Why Leading Financial Institutions Trust Treasury Prime For Embedded Banking

To be successful, embedded finance for large banks must balance control and reliability with the speed and volume of fintechs. Treasury Prime's platform offers a strategic, scalable solution that allows banks to participate without undue risk.
Headshot of Jeff Nowicki
Jeff Nowicki
Chief Banking Officer
,
September 12, 2025
Read more about Why Leading Financial Institutions Trust Treasury Prime For Embedded Banking

It’s no wonder that many major financial institutions have approached embedded finance with caution. Their focus on compliance, control and brand protection has made them hesitant to dive into a space that, until recently, felt too experimental and risky. Or if they did take the leap, they did so through acquisitions or custom tech builds. Off-the-shelf integrations or open partnerships with third-party platforms were often seen as too risky or incompatible with legacy systems and business models.

But as customer expectations for nontraditional channels for financial services grow, large banks are recognizing the need to participate in embedded finance in more flexible ways. What’s emerging is an embedded finance future that’s multi-bank, multi-channel and built for scale.

Rather than building and running full-stack programs in-house, large institutions can partner with embedded finance platforms that deliver the necessary infrastructure. This model gives banks the freedom to only participate in programs — or aspects of programs — that align with their objectives.

Treasury Prime provides that flexible foundation, offering scalable and secure access to embedded finance tailored for enterprise-scale banks.

What do large financial institutions need from embedded banking?

For large banks, embedded banking is effective only when it seamlessly integrates into their existing operations. These institutions aren’t looking to overhaul their tech stack – they’re seeking infrastructure that aligns with existing systems and meets rigorous internal standards.

Unlike smaller banks that may embrace early-stage fintechs, larger institutions tend to seek proven tech partners with strong risk postures.
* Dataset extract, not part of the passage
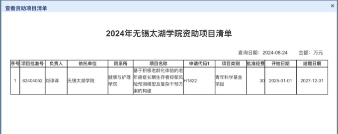 8月23日,国家自然科学基金委发布《关于2024年国家自然科学基金集中接收申请项目评审结果的通告》,beat365官网健康与护理学院刘谆谆博士“基于积极老龄化体验的老年癌症长期生存者抑郁风险预测模型及复杂干预方案的构建”获得国家自然科学基金青年基金项目立项,项目批准号:82404052。本次获批是继2023年学校首次获得国家自然科学基金项目后的再次立项,标志着beat365在线唯一官网在自然科学领域不断取得新的重大突破。

They prioritize operational redundancy, enterprise-grade compliance and visibility across every part of the relationship.

Equally important, they want the freedom to be selective — engaging only with programs in ways that align with their strategic priorities.

For embedded finance to deliver real value for large financial institutions, it must offer the control, transparency and reliability without compromising the volume or speed  fintech partnerships demand.

How Treasury Prime delivers for leading institutions

  1. A built-in multi-bank network delivers strategic flexibility

    Treasury Prime’s bank network connects fintechs to a diverse slate of potential bank partners through a single tech stack.

    With this model, there are several advantages for large financial institutions who opt to participate in the bank network. First and foremost, this structure supports deposit distribution across multiple institutions, allowing banks to participate only in the elements of a program that fit their requirements and risk appetite.

    Despite this, there’s a common misconception that joining a network means competing for the same deals. But the Treasury Prime network is designed to support collaboration, allowing every bank to play to its unique strengths and find where it adds the most value. 

    For example, large institutions may contribute balance sheet capacity or treasury management, while smaller partners bring interchange advantages and speed to market. 
  1. Access to qualified deal flow for banks

    Treasury Prime doesn’t sign fintechs directly, but it plays a crucial role in bringing vetted, strategic opportunities to the table.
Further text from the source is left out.